The answer should hold only the lines from the beginning of the listing below to the line containing "brown/round/- Original Whisky", both included, with every picture left out.

━━━ SUPPLIED DATA

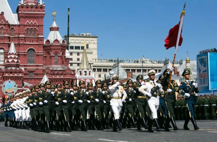 ↑莫斯科,中國人民解放軍三軍儀仗隊參加紀(jì)念衛(wèi)國戰(zhàn)爭勝利70周年紅場閱兵式總彩排。(2015年5月7日,馬占成)
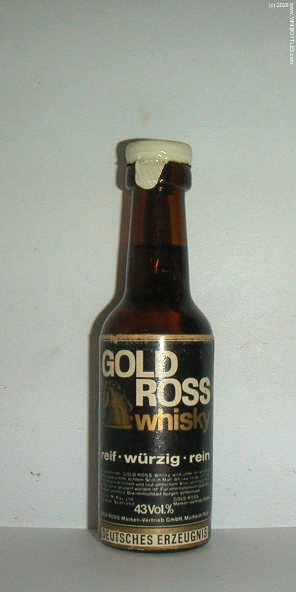 | Gold Ross Whisky - Reif Wuerzig Rein | | Manufacturer: | Gold Ross | City / State: Country: Continent: | Muelheim / - Germany (DE) Europe |  | Age On Label: Alcohol: Content: | Unknown 43.00 % Vol. 4.00 cl | Bottle Style: Import: Whisk(e)y: | brown/round/- Original Whisky
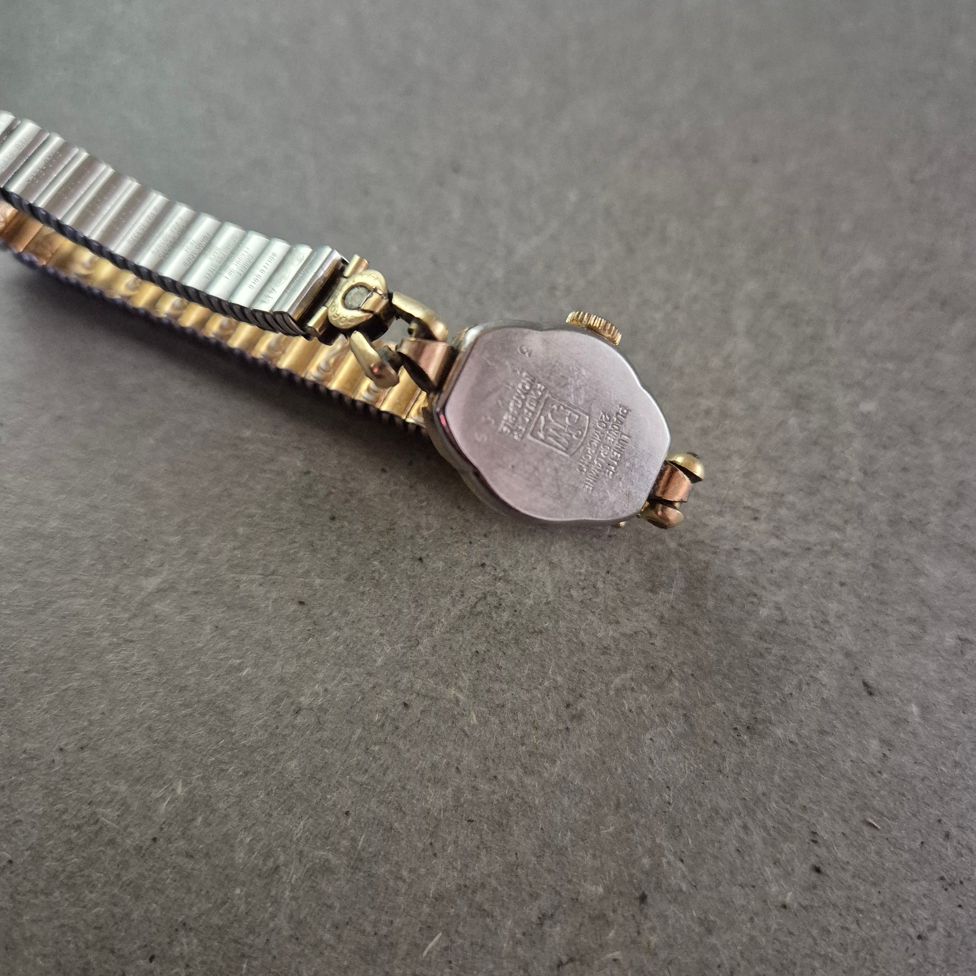 Diese charmante Vintage Damen Uhr von Lorgin vereint stilvolle Handwerkskunst mit nostalgischem Flair. Mit einem mechanischen Uhrwerk (17 Rubis) und einem goldfarbenen Gehäuse ist sie ein schönes Sammlerstück oder ein eleganter Begleiter für den Alltag. Das silber-goldene Stretcharmband sorgt für angenehmen Tragekomfort und unterstreicht den authentischen Retro-Stil.

━━━━━━

[THE ANSWER]:
 ↑莫斯科,中國人民解放軍三軍儀仗隊參加紀(jì)念衛(wèi)國戰(zhàn)爭勝利70周年紅場閱兵式總彩排。(2015年5月7日,馬占成)
 | Gold Ross Whisky - Reif Wuerzig Rein | | Manufacturer: | Gold Ross | City / State: Country: Continent: | Muelheim / - Germany (DE) Europe |  | Age On Label: Alcohol: Content: | Unknown 43.00 % Vol. 4.00 cl | Bottle Style: Import: Whisk(e)y: | brown/round/- Original Whisky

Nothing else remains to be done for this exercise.